* [Activity]
Quote exactly the lines from the one with "Tags: 2000s vintage" to the end of the data, both included; omit the pictures.

* [Given material]
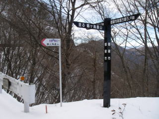 | 笹子駅前を南にちょっと進むと鶴ヶ鳥屋山へのこの道標がある。だが予定していたコースとこの道標の示す方向とは違うので、雪にタイヤの圧雪痕のある林道を逆方向に10分ほど歩くと鶴ヶ鳥屋山への道標があり、そこから山道に入った。 |
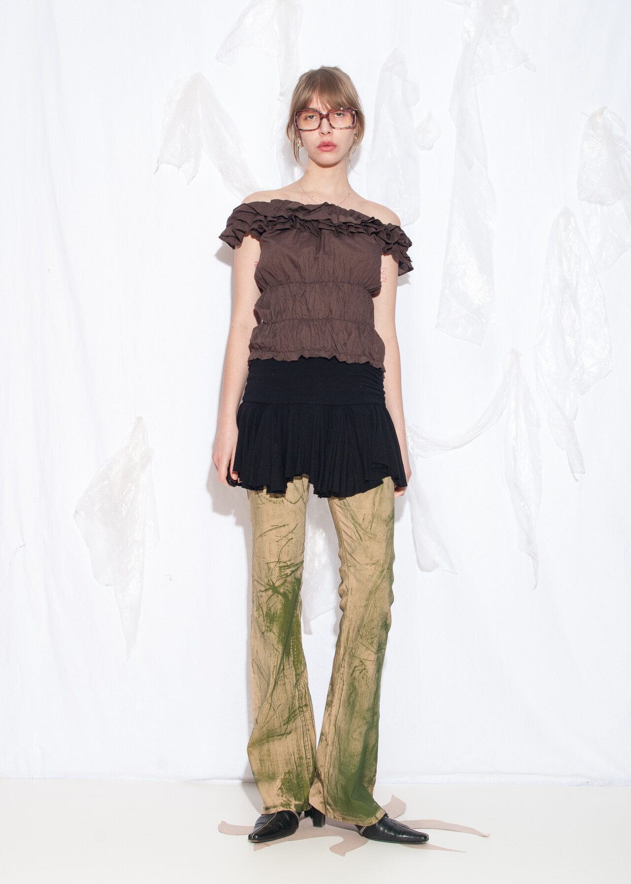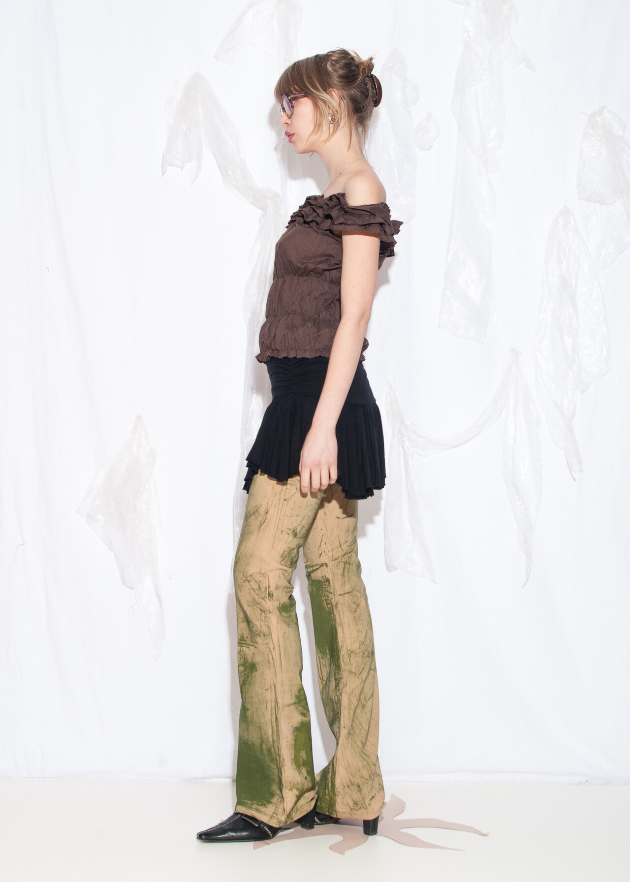 Tags: 2000s vintage style, goblincore, off shoulder blouse, ruched top, whimsigoth
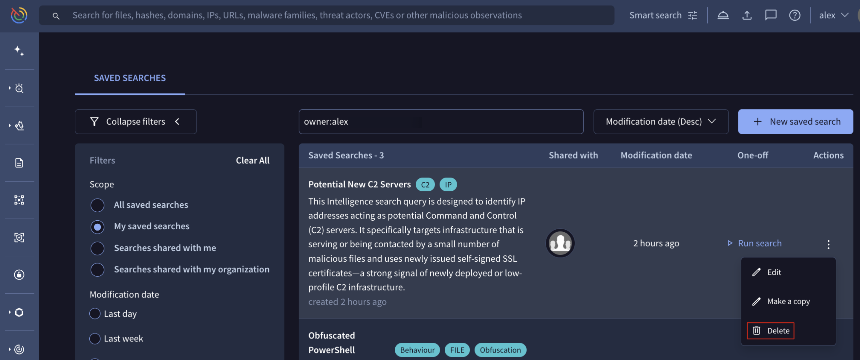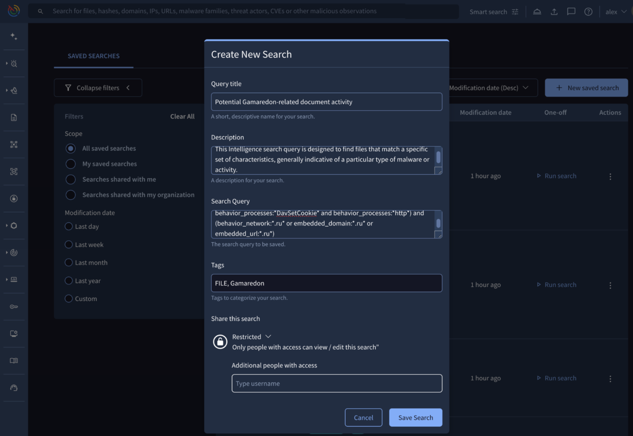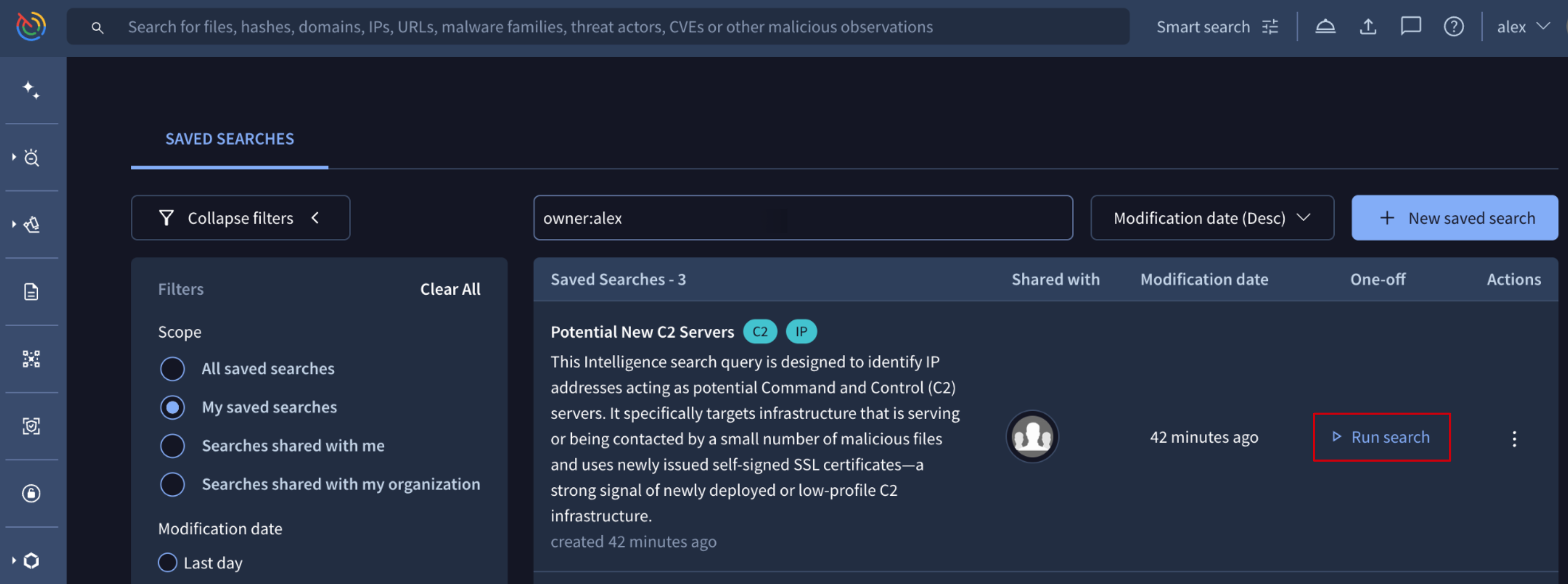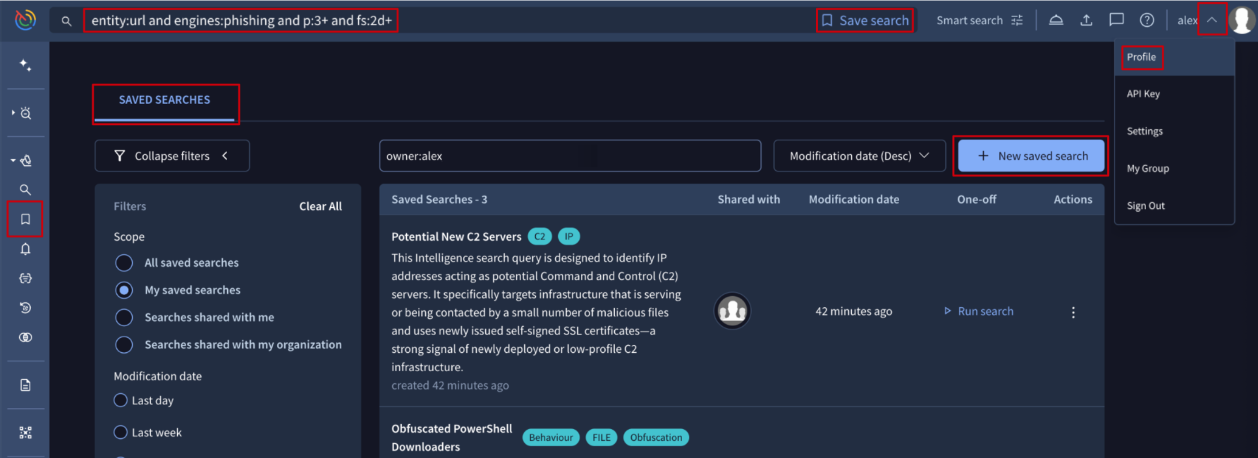 The Saved Searches feature is designed to empower users to efficiently store and reuse complex or frequently executed threat intelligence searches across our vast database of IoC analysis reports (files, URLs, domains, IP addresses).

* [Result]
 Tags: 2000s vintage style, goblincore, off shoulder blouse, ruched top, whimsigoth
 The Saved Searches feature is designed to empower users to efficiently store and reuse complex or frequently executed threat intelligence searches across our vast database of IoC analysis reports (files, URLs, domains, IP addresses).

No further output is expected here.